Monday, October 22, 2007

God Is My Hairstylist

I was sitting around the other day and one of my relatives was commenting on how curly her young child's hair was. "Where did you get such pretty curly hair?" asked the relative. "Say, 'God gave it to me'," instructed the mother.

I of course held my tongue to keep the peace, but it was another slap in the face to science that made me cringe. I took issue with the remark on two levels.


Sins of the Father
First off, I mean really, has it not become common knowledge by now that we get our physical make-up from our genes?

Practically speaking, most people say things like, "Oh look, he has his father's nose," and "I got this round ass from my grandma!". Yet it is also common to hear the occasional "God did it", especially when the question is deemed too hard.

The major issue I had with her remark is rooted in the grounds of teaching a child--one too young to even comprehend the answer--that they should respond to questions like that with an appeal to something called "God".

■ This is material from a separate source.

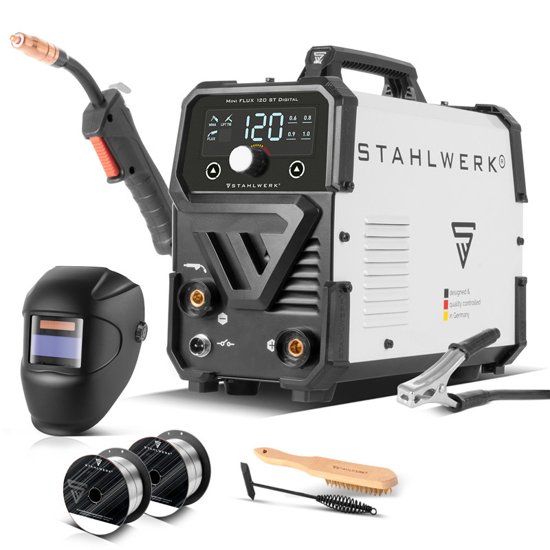 Универсално приложимият заваръчен апарат на STAHLWERK, Mini FLUX 120 ST Digital, работи с мощност до 120 ампера. Заваръчният инвертор е подходящ за заваряване с флюсова тел FLUX без защитен газ, както и за приложения Lift TIG и MMA/ARC.
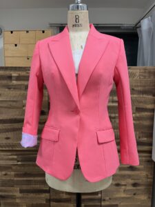 色が可愛らしいから、ラペルはピークドラペルにしてキリッと引き締まるようにしました。

On page 340 of his best-selling book 'The God Delusion' professor Richard Dawkins talks about this activity as a form of child abuse:

Our society, including the non-religious sector, has accepted the preposterous idea that it is normal and right to indoctrinate tiny children in the religion of their parents, and to slap religious labels on them - 'Catholic child', 'Protestant child', 'Jewish child', 'Muslim child', etc. - although no other comparable labels: no conservative children, no liberal children, no Republican children, no Democrat children.
...Let children learn about different faiths, let them notice their incompatibility, and let them draw their own conclusions about the consequences of that incompatibility. As for whether any are 'valid', let them make up their own minds when they are old enough to do so.



A Gapping Problem
Now, I realize that not everybody understands how genes work, especially not this child. But by answering the question of 'How come your hair is curly?' with 'God' promotes a fallacy called the God of the Gaps (no, not the chain of stores).

For millennia, anything we didn't know we'd give credit to a god of some kind. What causes the rain? Why do we get sick? Where did the plants and the animals come from? Who created the Big Bang? These questions can all be answered with: God did it.

Even when we discover that rain isn't caused by any deity, but by the condensation of evaporated water, there are still more gaps in which people stuff god into: Where did the water come from? Who set up the rules to determine how heavy the water needs to be before it falls? Who made gravity?

God is just inserted into the gap as a non-answer that stops all questions from being asked. Once you silence yourself with, "Well I don't know, I guess God did it," you stop right there. You don't inquire any more about it. You stop caring about what the real answer is.

Why do some people feel that it isn't okay to answer something you don't know with 'I don't know'? The insufficient explanation of 'God' is a cop-out answer, because you must explain how and what exactly this 'God' is.

Like I said before, I know that not everyone understands or can understand the nature of the universe and everything it in. As we learn more an more about how things work--through the use of science--we close up more and more gaps for a god to hide in. One day, perhaps god will have no place left.

"From momma," would have been a more proper answer.